§ **Try it**
Among the lines of the listing below, retype exactly those from the one containing "FULL SET EQUIPMENT" through the one containing "Работа с детьми1.Беседы", both included. Do not include pictures.
-- The data follows --
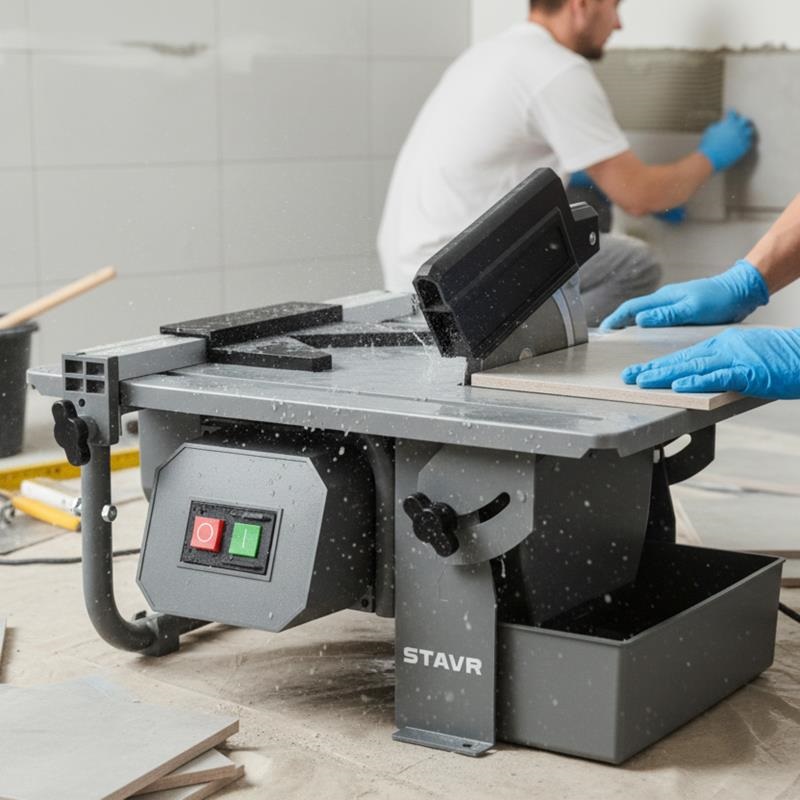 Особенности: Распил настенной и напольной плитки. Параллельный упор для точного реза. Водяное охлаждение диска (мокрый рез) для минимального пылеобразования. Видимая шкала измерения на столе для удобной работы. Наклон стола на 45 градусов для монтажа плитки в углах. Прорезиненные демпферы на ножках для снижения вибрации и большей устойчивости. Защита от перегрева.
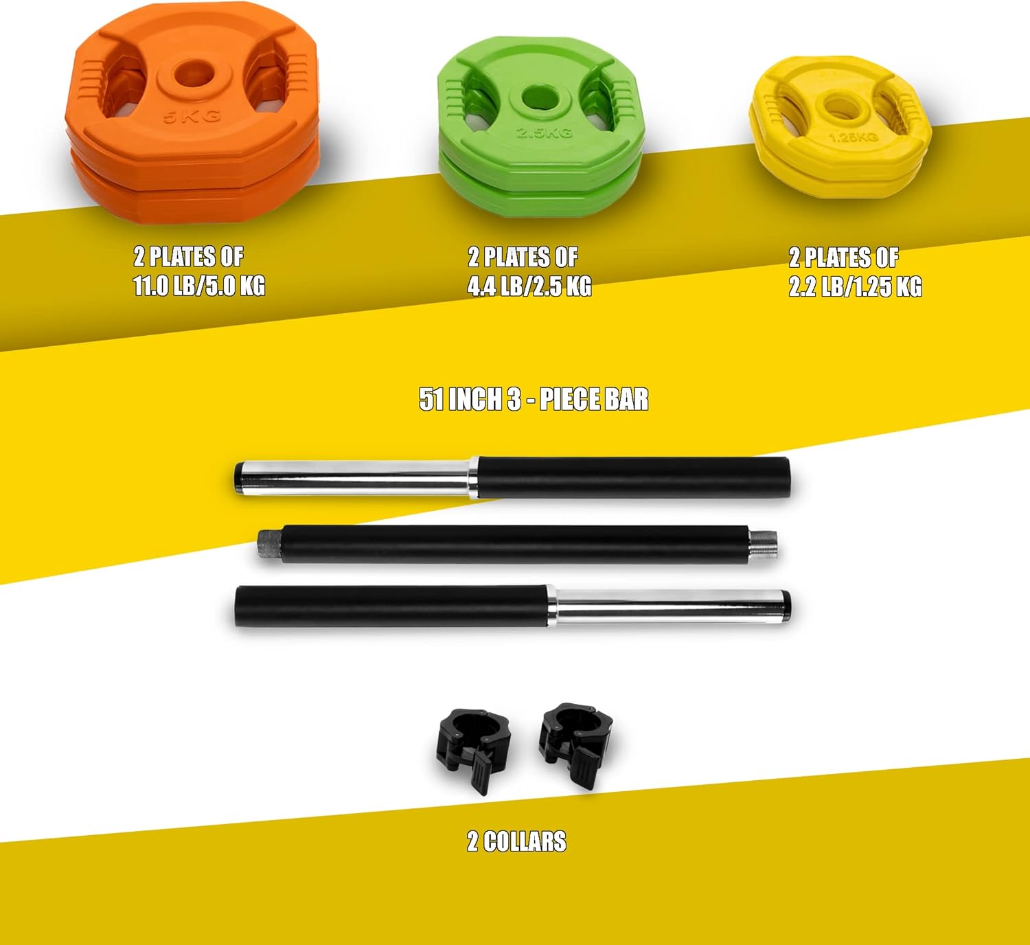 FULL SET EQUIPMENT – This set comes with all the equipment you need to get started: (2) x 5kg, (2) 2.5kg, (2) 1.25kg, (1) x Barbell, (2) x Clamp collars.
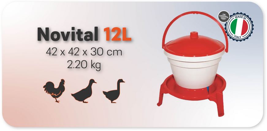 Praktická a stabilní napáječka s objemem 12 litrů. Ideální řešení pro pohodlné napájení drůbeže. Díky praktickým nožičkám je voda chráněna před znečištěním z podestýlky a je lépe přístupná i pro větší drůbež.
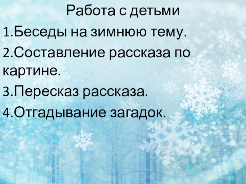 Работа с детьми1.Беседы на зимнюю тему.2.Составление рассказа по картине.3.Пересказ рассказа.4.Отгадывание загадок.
-- The data concluded --
-- The data follows --
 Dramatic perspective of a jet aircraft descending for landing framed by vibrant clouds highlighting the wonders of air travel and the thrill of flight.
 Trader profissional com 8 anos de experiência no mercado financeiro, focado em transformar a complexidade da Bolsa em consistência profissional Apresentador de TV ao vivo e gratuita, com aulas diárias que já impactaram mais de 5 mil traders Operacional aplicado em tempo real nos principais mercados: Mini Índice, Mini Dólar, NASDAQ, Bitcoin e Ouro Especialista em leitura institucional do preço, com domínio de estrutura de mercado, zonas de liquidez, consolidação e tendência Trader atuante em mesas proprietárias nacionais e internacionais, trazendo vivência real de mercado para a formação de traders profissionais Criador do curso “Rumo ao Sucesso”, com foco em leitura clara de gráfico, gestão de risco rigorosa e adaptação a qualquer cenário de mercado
-- The data concluded --
-- The data follows --
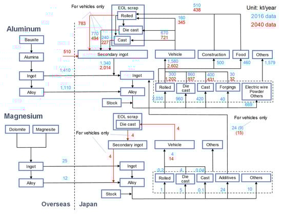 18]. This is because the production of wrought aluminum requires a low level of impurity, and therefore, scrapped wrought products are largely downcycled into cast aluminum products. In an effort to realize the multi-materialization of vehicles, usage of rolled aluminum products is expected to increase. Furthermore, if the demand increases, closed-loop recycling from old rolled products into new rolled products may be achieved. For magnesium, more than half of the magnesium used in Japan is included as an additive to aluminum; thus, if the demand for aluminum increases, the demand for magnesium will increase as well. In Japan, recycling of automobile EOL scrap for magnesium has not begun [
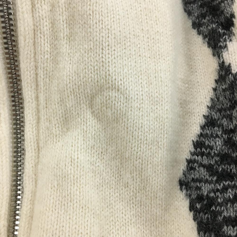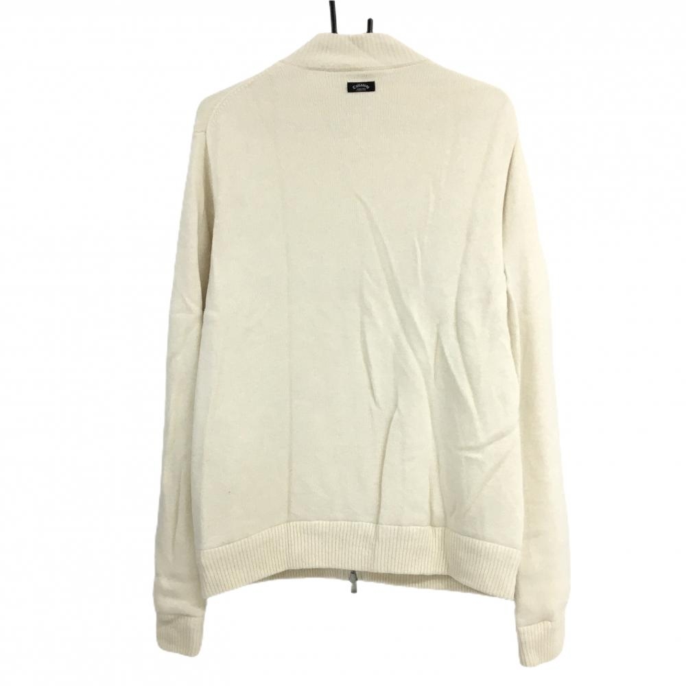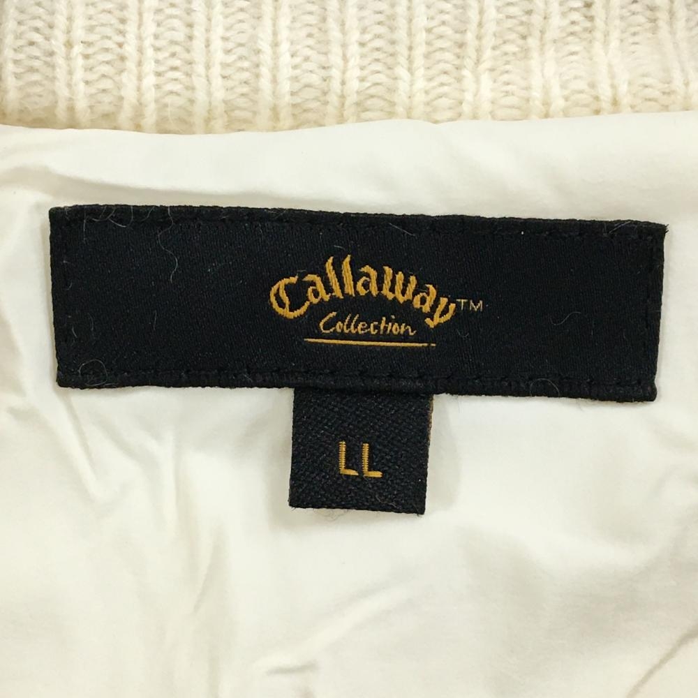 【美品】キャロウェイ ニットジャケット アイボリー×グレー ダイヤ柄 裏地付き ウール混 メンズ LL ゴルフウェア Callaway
-- The data concluded --
§ **Result of the exercise**
 FULL SET EQUIPMENT – This set comes with all the equipment you need to get started: (2) x 5kg, (2) 2.5kg, (2) 1.25kg, (1) x Barbell, (2) x Clamp collars.
 Praktická a stabilní napáječka s objemem 12 litrů. Ideální řešení pro pohodlné napájení drůbeže. Díky praktickým nožičkám je voda chráněna před znečištěním z podestýlky a je lépe přístupná i pro větší drůbež.
 Работа с детьми1.Беседы на зимнюю тему.2.Составление рассказа по картине.3.Пересказ рассказа.4.Отгадывание загадок.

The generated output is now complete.